- Born: 1929 Milan
- Died: 16 January 2010 (aged 80–81) Rockville, Maryland
- Occupation: Photographer
- Known for: Paparazzi pioneer

= Felice Quinto =

Italian photographer

Felice Quinto (1929 – 16 January 2010) was an Italian photographer. He was known for his photographs of celebrities and often referred to as the "king of paparazzi." It is reported that he was the inspiration of the paparazzi character in Federico Fellini's 1960 film La Dolce Vita.

==Biography==
Quinto was born in Milan in 1929. He later moved to Rome.

===Career in Europe===
Quinto began working as a photographer c. 1956. After striking up a friendship with director Federico Fellini, he was offered a role in Fellini's upcoming film, La Dolce Vita. Quinto declined the offer for financial reasons, although he did take a role as an extra. He has been reported as being the inspiration for that film's character Paparazzo.

In 1960, Quinto took pictures of actress Anita Ekberg and a married movie producer sharing a kiss. Ekberg, who had coincidentally starred as a starlet targeted by paparazzi in La Dolce Vita, is reported to have later shot at him with a bow and arrow in the early morning as he waited outside her house; the shots injured Quinto in his hand.

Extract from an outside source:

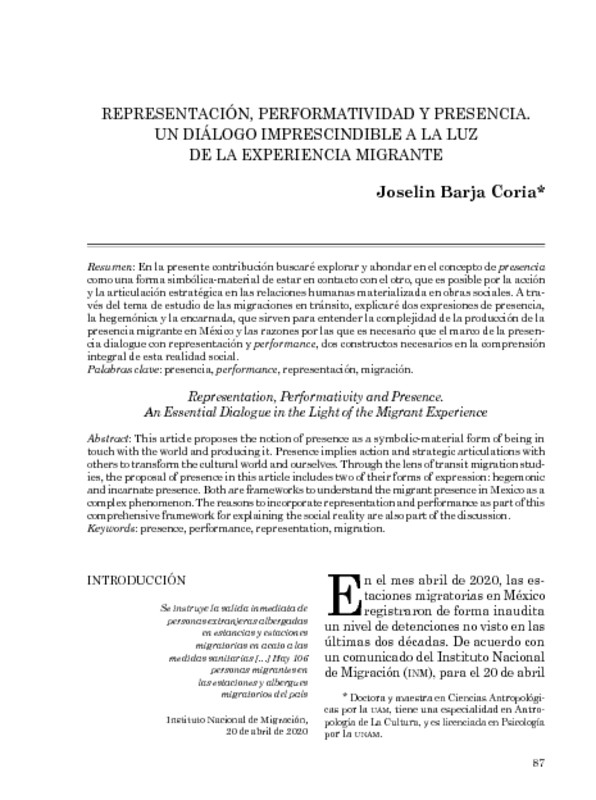 - ANZALDÚA, Gloria (1999), Borderlands/La Frontera. The New Mestiza, San Fran- cisco, Aunt Lute Books. BARJA, Joselin (2014), "Migraciones clandestinas: una etnografía del tránsito indocumentado por México", tesis de maestría, UAM-Iztapalapa, México, 178 pp. _____(2019), "'En este mar de absurdas persecuciones'. Presencias migrantes centroamericanas en contextos de violencia", tesis de doctorado, UAM-Iztapa- lapa, México, 389 pp. BARRÓN, Yulma, Rafael FERNÁNDEZ y Leandro RIVERA (2014), Migración centroamericana en tránsito por México hacia Estados Unidos. Diagnóstico y recomendaciones. Hacia una visión integral regional y de responsabilidad compartida, México, Instituto Tecnológico Autónomo de México. BUTLER, Judith (2009), "Performatividad, precariedad y políticas sexuales", AIBRK. Revista de Antropología Iberoamericana, vol. 4, núm. 3, septiembre-diciembre, pp. 321-336. CASILLAS, Rodolfo y Rodolfo CÓRDOVA (2018), "Un vuelco de timón. Prioridades y estrategias para la migración en tránsito", Documentos de Política Migratoria, 04, México, CIDE. DE GENOVA, Nicholas (2013), "Spectacle of Migrant 'Illegality': The Scene of Exclusion, the Obscene of Inclusion", Ethnic and Racial Studies, vol. 36, núm.7, pp. -1198. DE LAURETIS, Teresa (1984), Alicia ya no. Feminismo, semiótica, cine, Madrid, Cátedra/Universitat de Valéncia/Insti- tuto de la Mujer. DÍAZ, Rodrigo (2008), "La celebración de la contingencia y la forma. Sobre la antropología de la performance", Nueva Antropología, vol. XXI, núm. 69, julio-diciembre, pp. 33-59. _____(2017), "Iconoclasia, performance y la opacidad de la presencia", Alteridades, vol. 27, núm. 54, julio-diciembre, pp. 13-26. DOUGLAS, Mary (1973), Pureza y peligro. Un análisis de los conceptos de pureza y tabú, Madrid, Siglo XXI. DURAND, Jorge y Douglas S. MASSEY (2003), "El núcleo básico de la migración México-Estados Unidos. Premisas para entender y explicar el proceso", en Jorge DURAND y Douglas S. MASSEY, Clandestinos. Migración México-Estados Unidos en los albores del siglo XXI, México, Miguel Ángel Porrúa Librero Editor/Universidad Autónoma de Zacatecas, pp. 45-61. DURAND, Jorge, Douglas S. MASSEY y Karen PREY (2009), "Nuevos escenarios de la migración México-Estados Unidos. Las consecuencias de la guerra antiinmigran- te", Papeles de Población, vol. 15, núm. 61, pp. 101-128. DÜVELL, Frank (2012), "Transit Migration. A Blurred and Politicised Concept", Population, Space and Place, vol. 18, núm. 4, pp. 415-427. EVANS, Brad y Henry GIROUX (2015), Disposable Futures: The Seduction of Violence in the Age of Spectacle, Canadá, Open Media Series. GHOSH, Ranjan y Ethan KLEINBERG (2013) [1967], Presence: Philosophy, History and Cultural Theory for the Twenty-First Century, Ithaca, Nueva York, Cornell University Press. GONZÁLEZ, Adriana (2015), "Migrantes centroamericanos en tránsito por México. Trayectorias, redes y riesgos", tesis de doctorado, Universidad Complutense de Madrid, 321 pp. GUMBRECHT, Hans Ulrich (2004), Production of Presence. What Meaning Cannot Con- vey, California, Standford University Press. HALL, Stuart (2010), Sin garantías: trayectorias y problemáticas en estudios culturales, Instituto de Estudios Socia- les y Culturales Pensar/Pontificia Universidad Javeriana/Instituto de Estudios Peruanos/Universidad Andina Simón Bolívar sede Ecuador/Envión Editores. HOOKS, bell (2004), "Mujeres negras. Dar forma a la teoría feminista", en bell HOOKS, Avtar BRAH, Chela SANDOVAL, Gloria ANZALDÚA et al., Otras inapropiables. Feminismos desde las fronteras, Madrid, Traficantes de Sueños, pp. 33-50. INSTITUTO NACIONAL DE MIGRACIÓN (2020), "Actúa INM con responsabilidad ante la contingencia por Covid-19", Boletín No. 125/2020 (comunicado de prensa), 20 de abril, recuperado de: https://www.gob.mx/inm/prensa/actua-inm-con-responsa-bilidad-ante-la-contingencia-por-covid-19-241034#:-:text=Ante%20la%20emer-gencia%20sanitaria%20actual,a%20ple- nitud%20sus%20derechos%20humanos., consultada el 10 de agosto 2020. JOHNSON, Anne (2014), "¿Qué hay en un nombre? Una apología del performance", Alteridades, núm. 48, julio-diciembre, pp. 9-21 MARTÍNEZ, Graciela, Salvador COBO y Juan Carlos NARVÁEZ (2015), "Trazando rutas de la migración del tránsito irregular o no documentada por México", Perfiles Latinoamericanos, vol. 23, núm. 45, pp.127-155. MOSCOVICI, Serge (1973), "Foreword", en C. HERZLICH (ed.), Health And Illness: A Social Analysis, Londres, Academic Press, pp. 13-26. _____(1979), Psicología de las minorías activas, Madrid, Ediciones Morata. NÁJERA, Jessica (2016), "El complejo estudio de la actual migración en tránsito por México: actores, temáticas y circunstancias", Migraciones Internacionales, vol., 8, núm. 3, enero-junio. OACNUDH (2016), "Situación de los migrantes en tránsito", en página de la Oficina del Alto Comisionado de Naciones Unidas para los Derechos Humanos, recuperado de: https://www.ohchr.org/Documents/Issues/Migration/StudyMigrants/OHCHR_2016_Report-migrants-transit_SP.pdf, consultada el 15 de agosto de 2020. OCORÓ, Anny (2010), "Los negros y negras en la Argentina. Entre la barbarie, la exotización, la invisibilización y el racismo de Estado", La Manzana de la Discordia, vol. 5, núm. 2, julio-diciembre, pp. 45-63. OSORIO, Ever (2014), "La Bestia: muerte y violencia hacia migrantes en tránsito por México", tesis de maestría, UIA, México, 80 pp. PFLEGER, Sabine (2015), Frontera, mujeres y hombres oscuros. La construcción narrativo-mediática del feminicidio en Ciudad Juárez, Vigo, Academia del Hispanismo. PRIETO, Diego y Citlalli QUECHA (2015), "Presentación", Boletín. Colegio de Etnólogos y Antropólogos Sociales: "La antropología y la etnografía en los universos de la contemporaneidad", México, CEAS. QUIROZ, Yolanda (2014), "Transmigración de centroamericanos por México: su vulnerabilidad y sus derechos humanos", tesis de doctorado, El Colegio de la F

Two years later, Quinto took a picture of Elizabeth Taylor in a "compromising" position with Richard Burton while she was filming Cleopatra. The proof of Taylor's relationship with Burton while both were still married caused a scandal to erupt, with Taylor being condemned by both the United States House of Representatives and the Vatican. The image has been credited as establishing the reputation of the paparazzi, described by Maureen Callahan of The New York Post as being "documentarians of postmodern culture".

===Life in America===
In 1963, Quinto moved to the United States to work for the Associated Press (AP) after marrying Geraldine Del Giorno. As a photographer for the AP, he covered the funeral of John F. Kennedy and marches in the Civil Rights Movement. He then went on to work at Studio 54.

Quinto retired in 1993.

On 16 January 2010, Quinto died of pneumonia in Rockville, Maryland.

==Legacy==
Quinto has been called the "king of the paparazzi" and is noted as pioneering several common paparazzi techniques, including hiding in bushes, wearing disguises, and following his targets throughout the city.

==Publications==
- Studio 54: the Legend. teNeues, 1997. Photographs by Quinto; text by Anthony Haden-Guest; concept and additional text by Niels Kummer. ISBN 9783823821182.